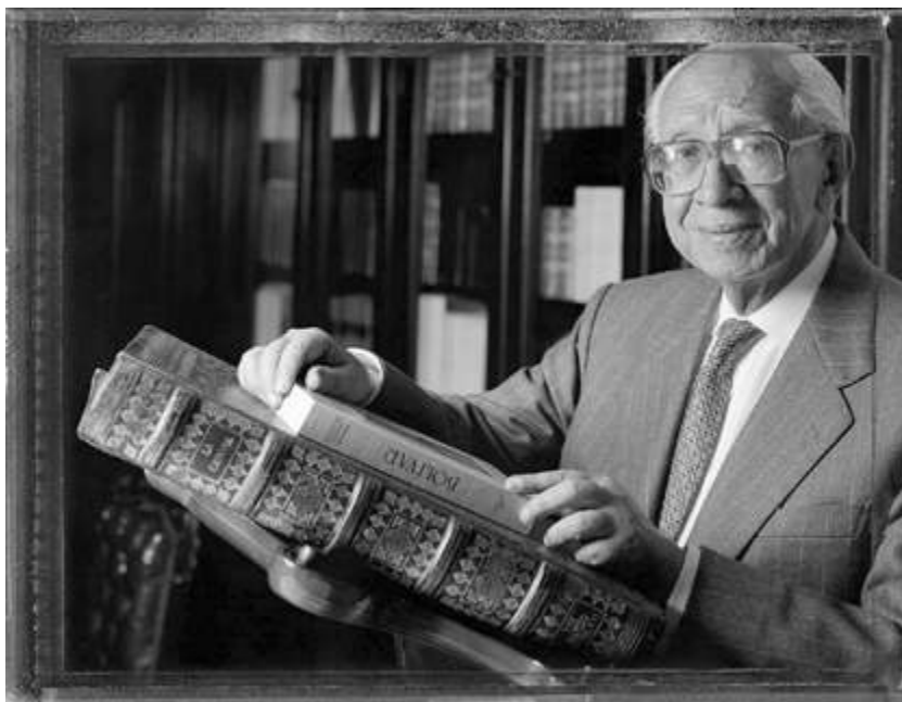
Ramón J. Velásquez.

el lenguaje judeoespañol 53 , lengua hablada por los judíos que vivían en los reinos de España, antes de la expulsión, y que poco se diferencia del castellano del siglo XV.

════════════════

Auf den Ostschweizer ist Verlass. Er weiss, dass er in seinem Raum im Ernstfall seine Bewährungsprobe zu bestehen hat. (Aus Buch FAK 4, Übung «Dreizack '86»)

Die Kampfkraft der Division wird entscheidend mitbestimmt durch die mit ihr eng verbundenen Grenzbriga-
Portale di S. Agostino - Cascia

════════════════

Using the records above, set down exactly the lines from the one with "Die Kampfkraft der" through the one with "Portale di S. Agostino - Cascia", inclusive, and nothing more.

Die Kampfkraft der Division wird entscheidend mitbestimmt durch die mit ihr eng verbundenen Grenzbriga-
Portale di S. Agostino - Cascia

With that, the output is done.